In [20]: startLogfile(name)
Let’s also start a list to keep track of PDB files that are not added to the ensemble:
In [21]: unmapped = []
Now, we parse the PDB files one by one and add them to the ensemble:
In [22]: for pdb in pdb_ids:
....: structure = parsePDB(pdb, subset='calpha', model=1)
....: atommaps = []
....: for reference_chain in reference_chains:
....: mappings = mapOntoChain(structure, reference_chain,
....: seqid=sequence_identity,
....: coverage=sequence_coverage)
....: if len(mappings) == 0:
....: print('Failed to map', pdb)
....: break
....: atommaps.append(mappings[0][0])
....: if len(atommaps) != len(reference_chains):
....: unmapped.append(pdb)
....: continue
....: atommap = atommaps[0] + atommaps[1]
....: ensemble.addCoordset(atommap, weights=atommap.getFlags('mapped'))
....:
In [23]: ensemble
Out[23]: <PDBEnsemble: HIV-RT (155 conformations; 971 atoms)>
In [24]: ensemble.iterpose()
In [25]: saveEnsemble(ensemble)
Out[25]: 'HIV-RT.ens.npz'
We can now close the logfile using closeLogfile():
In [26]: closeLogfile(name)
Let’s check which structures, if any, are not mapped (added to the ensemble):
In [27]: unmapped
Out[27]: []
We can write the aligned conformations into a PDB file as follows:
In [28]: writePDB(name + '.pdb', ensemble)
Out[28]: 'HIV-RT.pdb'
This file can be used to visualize the aligned conformations in molecular graphics software.
This is a heterogeneous dataset, i.e. many structures have missing residues. We want to make sure that we include residues in PCA analysis if they are resolved more than 94% of the time.
We can check this using the calcOccupancies() function:
In [29]: calcOccupancies(ensemble, normed=True).min()
Out[29]: 0.3096774193548387
This shows that some residues were resolved in only 24% of the dataset.

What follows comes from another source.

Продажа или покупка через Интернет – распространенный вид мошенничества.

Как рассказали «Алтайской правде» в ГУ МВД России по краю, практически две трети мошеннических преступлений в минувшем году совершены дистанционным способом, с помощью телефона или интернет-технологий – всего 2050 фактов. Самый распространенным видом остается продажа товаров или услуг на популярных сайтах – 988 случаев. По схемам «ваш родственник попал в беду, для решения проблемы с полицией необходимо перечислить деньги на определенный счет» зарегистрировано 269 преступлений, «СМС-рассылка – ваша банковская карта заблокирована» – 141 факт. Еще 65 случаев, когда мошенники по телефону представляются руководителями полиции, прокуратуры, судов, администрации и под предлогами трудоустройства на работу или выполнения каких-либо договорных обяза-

We trim the ensemble to contain residues resolved in more than 94% of the ensemble:
In [30]: ensemble = trimPDBEnsemble(ensemble, occupancy=0.94)

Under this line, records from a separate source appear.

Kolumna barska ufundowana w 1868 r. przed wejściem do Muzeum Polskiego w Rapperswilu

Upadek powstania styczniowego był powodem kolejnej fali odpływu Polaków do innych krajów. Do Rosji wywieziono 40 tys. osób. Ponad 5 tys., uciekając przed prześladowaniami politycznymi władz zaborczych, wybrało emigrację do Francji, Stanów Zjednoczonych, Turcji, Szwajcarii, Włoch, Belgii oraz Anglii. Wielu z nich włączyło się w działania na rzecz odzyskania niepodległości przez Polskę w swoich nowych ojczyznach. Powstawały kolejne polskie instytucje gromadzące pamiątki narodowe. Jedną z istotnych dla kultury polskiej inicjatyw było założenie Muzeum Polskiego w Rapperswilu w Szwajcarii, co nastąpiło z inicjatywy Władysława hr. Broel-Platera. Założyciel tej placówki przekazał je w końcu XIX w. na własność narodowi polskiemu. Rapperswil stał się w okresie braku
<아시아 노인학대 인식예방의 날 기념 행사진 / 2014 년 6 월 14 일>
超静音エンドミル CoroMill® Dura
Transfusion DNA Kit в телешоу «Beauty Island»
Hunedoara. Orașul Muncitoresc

After trimming, another round of iterative superposition may be useful:
In [31]: ensemble.iterpose()
In [32]: ensemble
Out[32]: <PDBEnsemble: HIV-RT (155 conformations; selected 908 of 971 atoms)>
In [33]: saveEnsemble(ensemble)
Out[33]: 'HIV-RT.ens.npz'
Use buildPDBEnsemble Function¶
As mentioned at the beginning, the ensemble can be also built by
buildPDBEnsemble() in several lines of code:
In [34]: unmapped = []
In [35]: prot = parsePDB('1dlo', subset='ca', model=1)

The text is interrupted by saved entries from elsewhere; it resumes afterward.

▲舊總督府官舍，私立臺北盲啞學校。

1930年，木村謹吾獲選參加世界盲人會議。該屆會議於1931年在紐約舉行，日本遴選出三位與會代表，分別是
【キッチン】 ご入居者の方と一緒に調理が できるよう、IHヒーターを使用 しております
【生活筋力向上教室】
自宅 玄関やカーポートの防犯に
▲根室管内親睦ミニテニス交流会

In [36]: pdbs = parsePDB(pdb_ids, subset='ca', model=1)
In [37]: ensemble = buildPDBEnsemble(pdbs, ref=prot, title='HIV-RT', labels=pdb_ids,
....: seqid=94, coverage=85, occupancy=0.94, unmapped=unmapped)
....:
In [38]: ensemble
Out[38]: <PDBEnsemble: HIV-RT (162 conformations; selected 893 of 971 atoms)>
Perform PCA¶
Once the ensemble is ready, performing PCA is 3 easy steps:
In [39]: pca = PCA(name)
In [40]: pca.buildCovariance(ensemble)
In [41]: pca.calcModes()
The calculated data can be saved as a compressed file using saveModel()
In [42]: saveModel(pca)
Out[42]: 'HIV-RT.pca.npz'
Plot results¶
Let’s plot RMSD from the average structure:
In [43]: plot(calcRMSD(ensemble));
In [44]: xlabel('Conformation');
In [45]: ylabel('RMSD (A)');
In [46]: title(ensemble);
Let’s show a projection of the ensemble onto PC1 and PC2:
In [47]: showProjection(ensemble, pca[:2]);
In [48]: title(ensemble);
Only some of the ProDy plotting functions are shown here. A complete list can be found in Dynamics Analysis module.